▶ [Brief]
Would you repeat word for word the lines of the listing that follows, from the one with "Joie | Addison" up to and including the one with "在動力上,Turbo Daily 2014款", and leave out the images?

▶ [Input for this task]
* * * * * * *
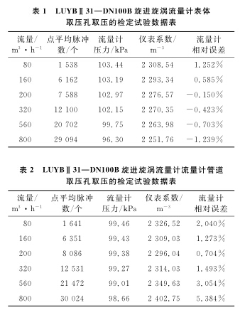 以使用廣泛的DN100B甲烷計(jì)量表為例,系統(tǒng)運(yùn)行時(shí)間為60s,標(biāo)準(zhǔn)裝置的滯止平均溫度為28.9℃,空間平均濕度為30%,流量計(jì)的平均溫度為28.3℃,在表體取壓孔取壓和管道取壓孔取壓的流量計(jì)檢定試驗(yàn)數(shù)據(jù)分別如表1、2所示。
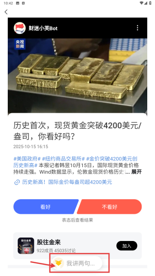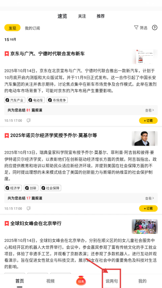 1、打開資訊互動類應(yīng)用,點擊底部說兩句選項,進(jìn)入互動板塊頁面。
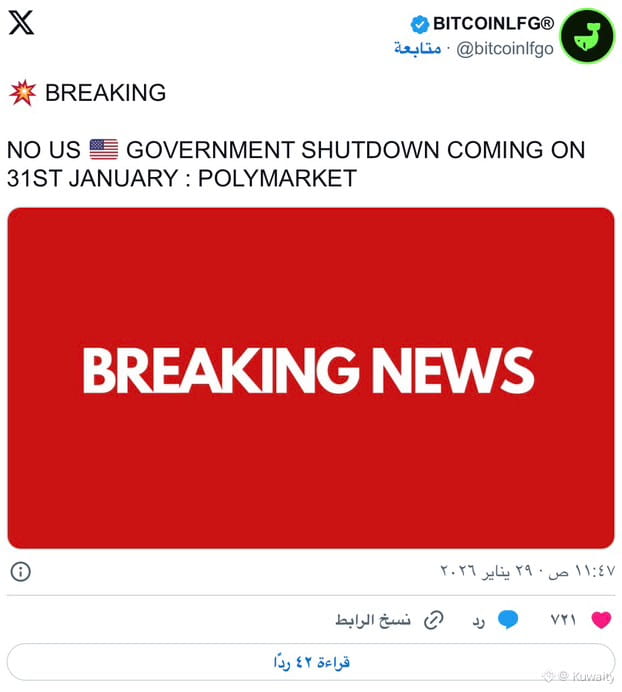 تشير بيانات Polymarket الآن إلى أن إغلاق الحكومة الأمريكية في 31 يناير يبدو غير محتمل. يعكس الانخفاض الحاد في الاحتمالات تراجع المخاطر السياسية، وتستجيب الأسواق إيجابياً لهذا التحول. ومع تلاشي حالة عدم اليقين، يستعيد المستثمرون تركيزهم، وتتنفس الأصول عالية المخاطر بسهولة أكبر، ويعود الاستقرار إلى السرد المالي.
* * * * * * *
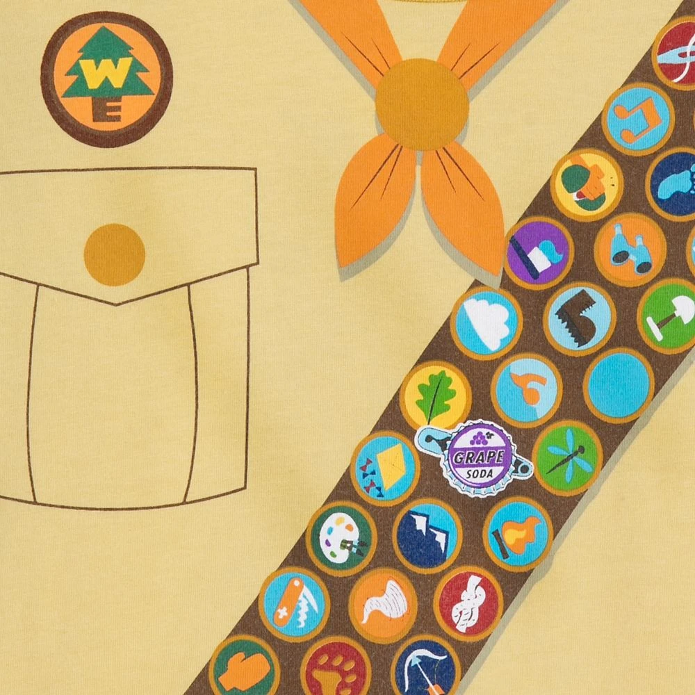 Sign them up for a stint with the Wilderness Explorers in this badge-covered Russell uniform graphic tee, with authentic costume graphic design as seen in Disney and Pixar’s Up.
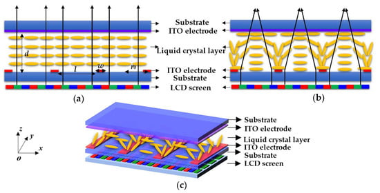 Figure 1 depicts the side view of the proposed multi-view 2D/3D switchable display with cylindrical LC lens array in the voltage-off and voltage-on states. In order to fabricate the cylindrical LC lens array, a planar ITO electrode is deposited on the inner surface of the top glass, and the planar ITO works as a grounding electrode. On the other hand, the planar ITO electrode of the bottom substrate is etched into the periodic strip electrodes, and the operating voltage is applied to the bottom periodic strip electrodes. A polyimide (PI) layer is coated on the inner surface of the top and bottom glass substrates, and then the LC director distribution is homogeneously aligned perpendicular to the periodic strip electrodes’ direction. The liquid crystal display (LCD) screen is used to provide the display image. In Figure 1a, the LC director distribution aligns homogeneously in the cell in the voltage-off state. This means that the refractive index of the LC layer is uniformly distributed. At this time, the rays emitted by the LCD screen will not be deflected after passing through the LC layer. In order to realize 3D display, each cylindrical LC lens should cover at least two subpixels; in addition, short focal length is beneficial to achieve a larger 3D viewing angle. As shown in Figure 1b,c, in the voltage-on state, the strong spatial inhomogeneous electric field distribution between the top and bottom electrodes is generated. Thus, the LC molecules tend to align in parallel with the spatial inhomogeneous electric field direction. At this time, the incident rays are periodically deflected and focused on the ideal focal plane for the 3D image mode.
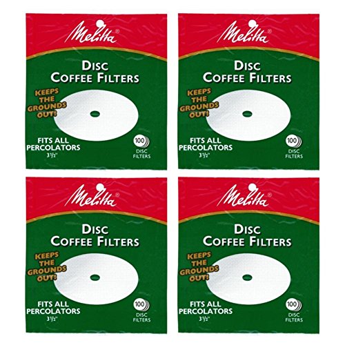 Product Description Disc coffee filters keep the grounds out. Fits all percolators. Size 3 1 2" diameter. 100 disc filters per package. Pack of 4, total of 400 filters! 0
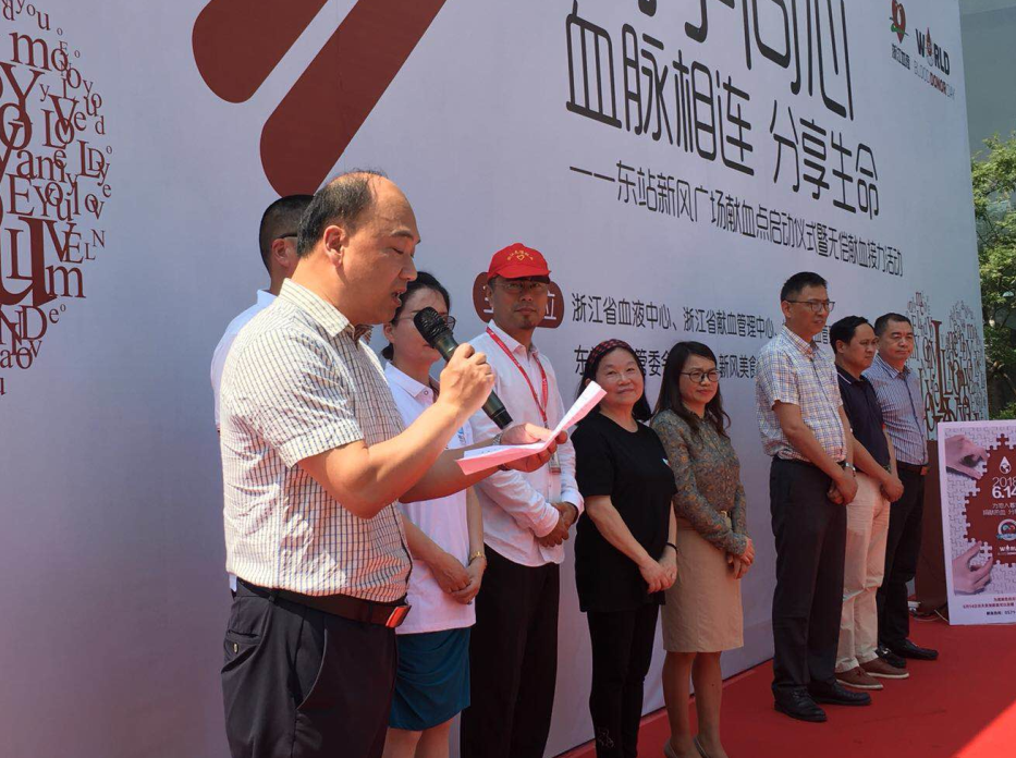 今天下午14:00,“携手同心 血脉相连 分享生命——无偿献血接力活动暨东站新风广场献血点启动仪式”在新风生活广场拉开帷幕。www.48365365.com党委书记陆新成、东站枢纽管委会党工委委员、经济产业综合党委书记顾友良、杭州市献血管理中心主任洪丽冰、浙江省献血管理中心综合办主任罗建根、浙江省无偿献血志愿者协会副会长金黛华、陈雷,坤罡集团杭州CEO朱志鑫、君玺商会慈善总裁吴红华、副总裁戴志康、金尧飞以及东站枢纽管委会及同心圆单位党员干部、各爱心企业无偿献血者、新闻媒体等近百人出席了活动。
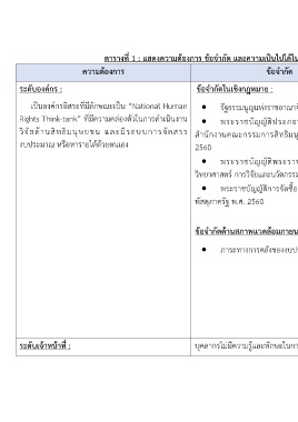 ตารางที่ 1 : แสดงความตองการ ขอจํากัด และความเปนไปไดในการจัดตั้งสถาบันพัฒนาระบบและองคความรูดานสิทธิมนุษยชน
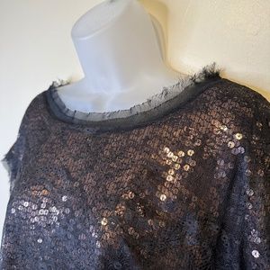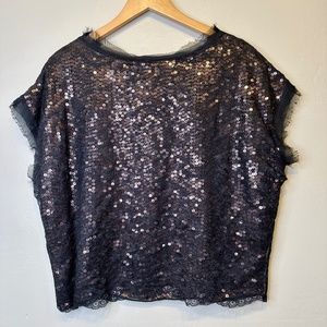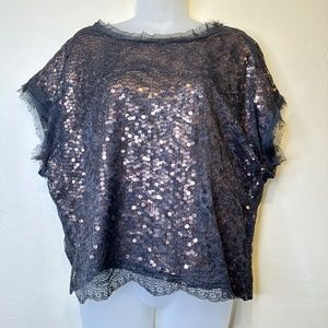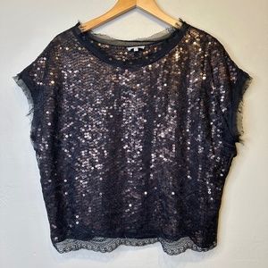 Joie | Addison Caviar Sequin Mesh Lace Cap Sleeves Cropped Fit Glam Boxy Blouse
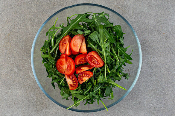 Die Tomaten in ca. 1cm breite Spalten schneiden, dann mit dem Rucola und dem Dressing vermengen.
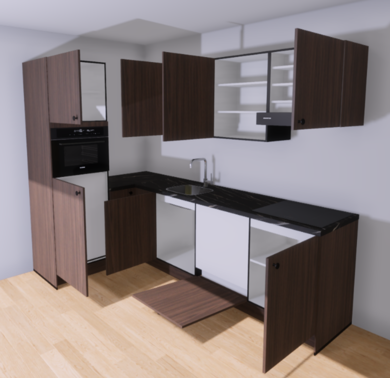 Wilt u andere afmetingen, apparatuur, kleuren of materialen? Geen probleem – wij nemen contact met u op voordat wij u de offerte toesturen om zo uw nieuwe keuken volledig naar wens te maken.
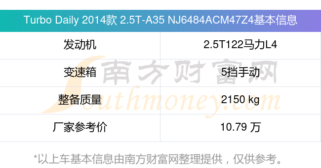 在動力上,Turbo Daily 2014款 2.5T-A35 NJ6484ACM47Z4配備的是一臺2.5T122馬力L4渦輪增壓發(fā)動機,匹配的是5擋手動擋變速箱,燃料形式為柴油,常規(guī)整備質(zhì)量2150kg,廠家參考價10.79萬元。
* * * * * * *
▶ [Output]
 Joie | Addison Caviar Sequin Mesh Lace Cap Sleeves Cropped Fit Glam Boxy Blouse
 Die Tomaten in ca. 1cm breite Spalten schneiden, dann mit dem Rucola und dem Dressing vermengen.
 Wilt u andere afmetingen, apparatuur, kleuren of materialen? Geen probleem – wij nemen contact met u op voordat wij u de offerte toesturen om zo uw nieuwe keuken volledig naar wens te maken.
 在動力上,Turbo Daily 2014款 2.5T-A35 NJ6484ACM47Z4配備的是一臺2.5T122馬力L4渦輪增壓發(fā)動機,匹配的是5擋手動擋變速箱,燃料形式為柴油,常規(guī)整備質(zhì)量2150kg,廠家參考價10.79萬元。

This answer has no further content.